Goal of the exercise >> Exclude the pictures, and otherwise reproduce the data in full.
BEGIN The data
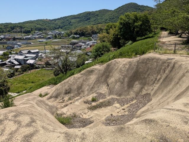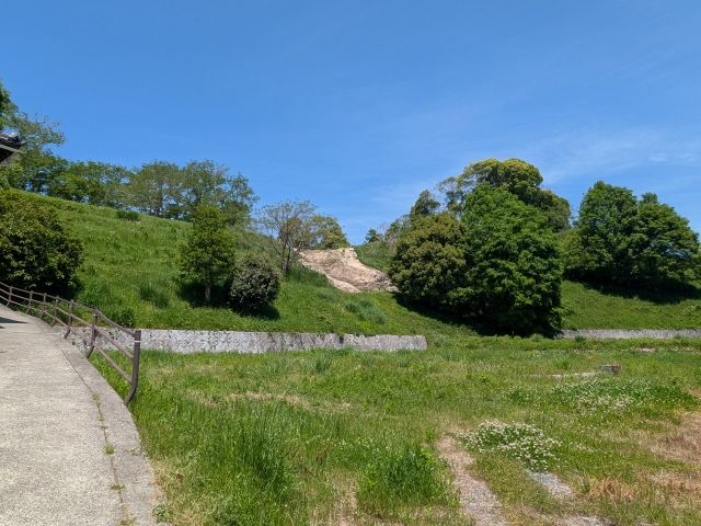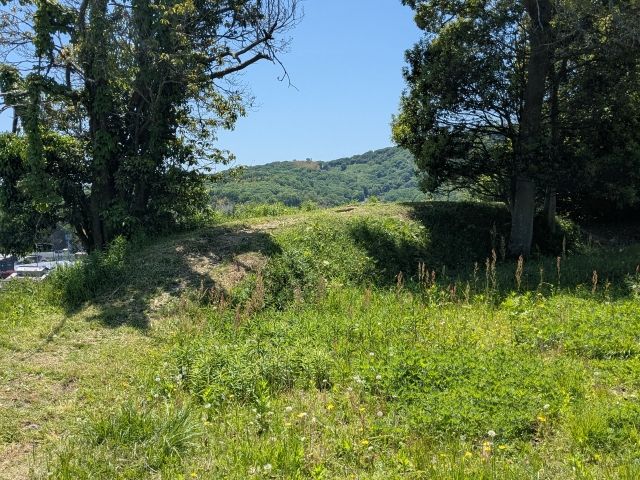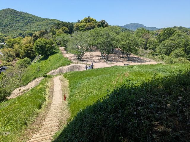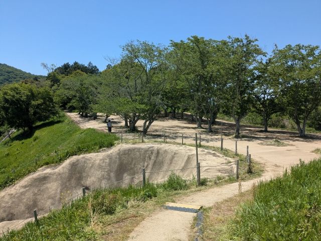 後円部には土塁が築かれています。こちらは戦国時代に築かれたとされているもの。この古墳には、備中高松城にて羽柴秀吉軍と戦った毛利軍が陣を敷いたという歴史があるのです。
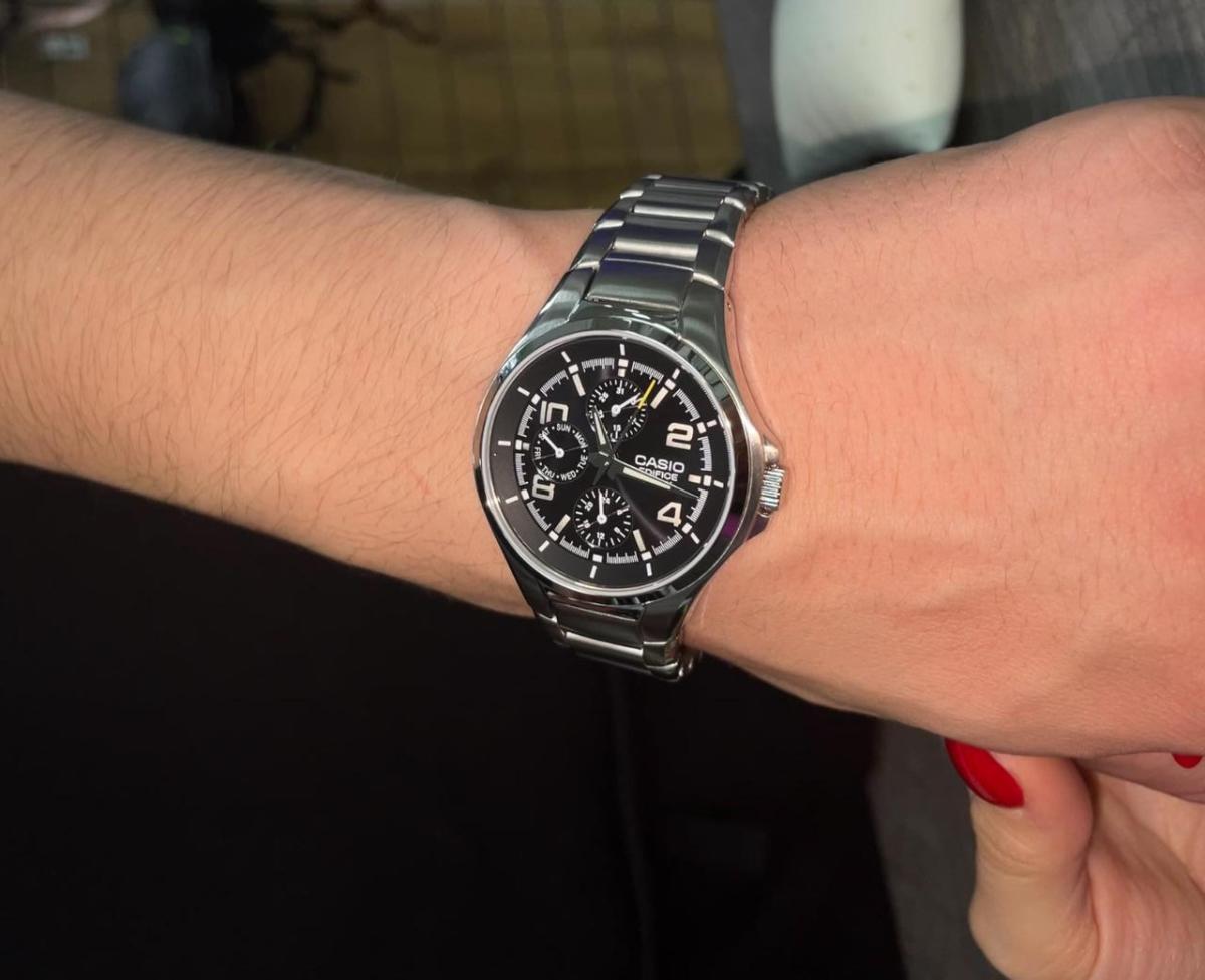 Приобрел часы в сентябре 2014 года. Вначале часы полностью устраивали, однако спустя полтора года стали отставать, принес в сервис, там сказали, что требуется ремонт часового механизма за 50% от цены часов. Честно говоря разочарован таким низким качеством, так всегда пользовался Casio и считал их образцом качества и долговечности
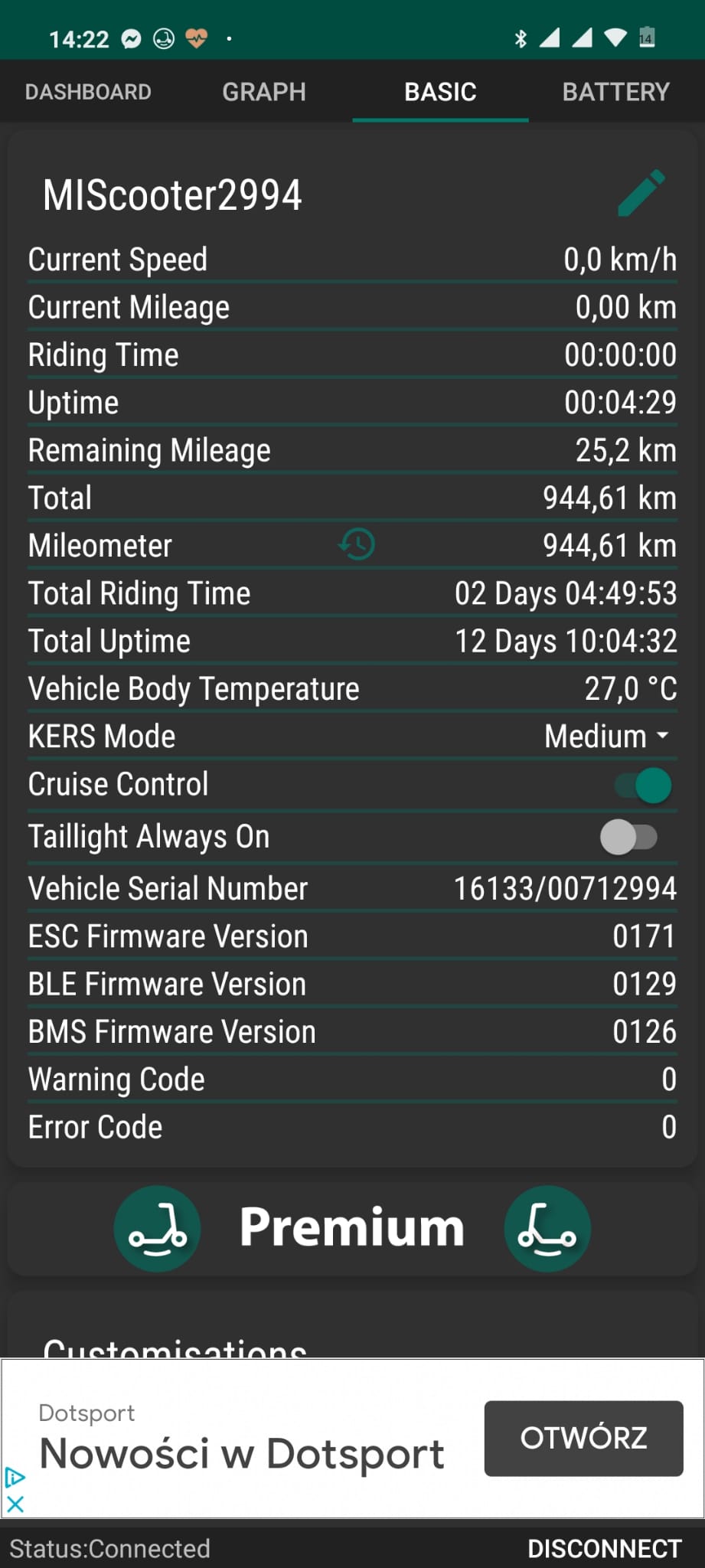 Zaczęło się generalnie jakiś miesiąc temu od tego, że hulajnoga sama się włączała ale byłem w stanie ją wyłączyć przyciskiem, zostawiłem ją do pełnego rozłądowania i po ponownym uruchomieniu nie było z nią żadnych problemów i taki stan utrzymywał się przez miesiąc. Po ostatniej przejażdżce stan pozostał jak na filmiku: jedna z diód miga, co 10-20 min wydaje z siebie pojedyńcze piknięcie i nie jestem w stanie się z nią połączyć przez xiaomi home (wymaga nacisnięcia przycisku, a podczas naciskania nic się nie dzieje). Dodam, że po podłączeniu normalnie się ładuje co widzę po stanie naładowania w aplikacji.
END The data
Response >>
 後円部には土塁が築かれています。こちらは戦国時代に築かれたとされているもの。この古墳には、備中高松城にて羽柴秀吉軍と戦った毛利軍が陣を敷いたという歴史があるのです。
 Приобрел часы в сентябре 2014 года. Вначале часы полностью устраивали, однако спустя полтора года стали отставать, принес в сервис, там сказали, что требуется ремонт часового механизма за 50% от цены часов. Честно говоря разочарован таким низким качеством, так всегда пользовался Casio и считал их образцом качества и долговечности
 Zaczęło się generalnie jakiś miesiąc temu od tego, że hulajnoga sama się włączała ale byłem w stanie ją wyłączyć przyciskiem, zostawiłem ją do pełnego rozłądowania i po ponownym uruchomieniu nie było z nią żadnych problemów i taki stan utrzymywał się przez miesiąc. Po ostatniej przejażdżce stan pozostał jak na filmiku: jedna z diód miga, co 10-20 min wydaje z siebie pojedyńcze piknięcie i nie jestem w stanie się z nią połączyć przez xiaomi home (wymaga nacisnięcia przycisku, a podczas naciskania nic się nie dzieje). Dodam, że po podłączeniu normalnie się ładuje co widzę po stanie naładowania w aplikacji.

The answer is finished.